Main Page > Standalone Approach > Attachment Analysis

Spam Analysis and Reputation Project

2.2 Standalone Approach: Attachment Analysis

Design

This module classifies email messages on the basis of their 'Content-Type'. The purpose of the Content-Type field is to describe the data contained in the body and to specify its nature.

The content type in the email messages is one of the following categories:

1. text/plain : simple text messages using (the default value for Content-type)

2. text/html : messages containing text and HTML content.

3. multipart/mixed : used for sending files with different "Content-Type" headers inline (or as attachments).

4. multipart/alternative : alternative content, such as a message sent in both plain text and another format such as HTML (with the same content in text/plain and text/html forms. It indicates that each part is an "alternative" version of the same (or similar) content, each in a different format denoted by its "Content-Type" header.

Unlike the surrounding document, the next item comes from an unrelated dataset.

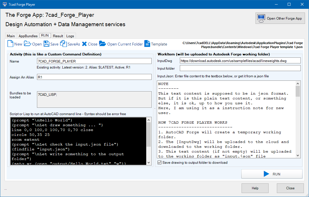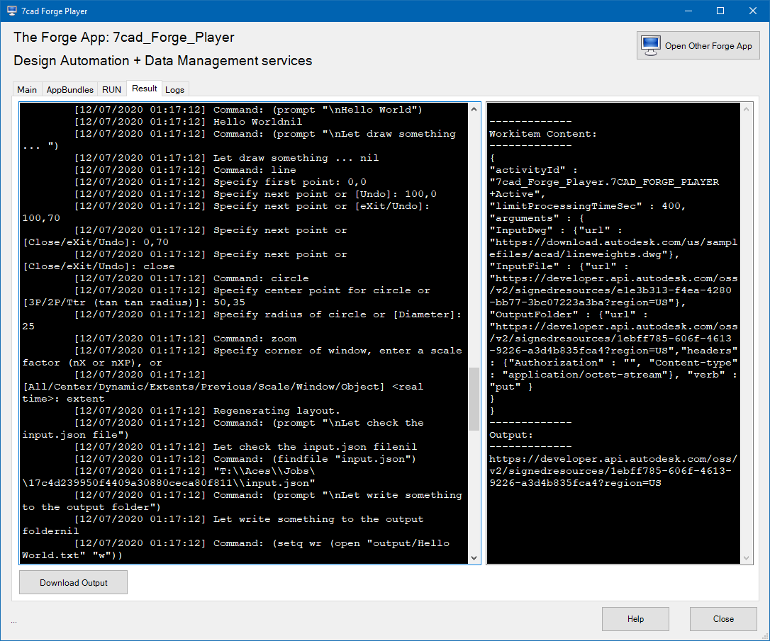 Finally, if you haven't, go and find great instructions about Autodesk Forge here https://forge.autodesk.com/en/docs/design-automation/v3/tutorials/autocad/ You don't have to master it before using 7cad Forge Player. I create 7cad Forge Player for the opposite: play with my app, then, master those tutorials later.

5. multipart/report : message type that contains data formatted for a mail server to read. It is split between a text/plain (or some other content/type easily readable) and a message/delivery-status, which contains the data formatted for the mail server to read.

In MIME, the standard Internet e-mail format, messages and their attachments are sent as a multipart message.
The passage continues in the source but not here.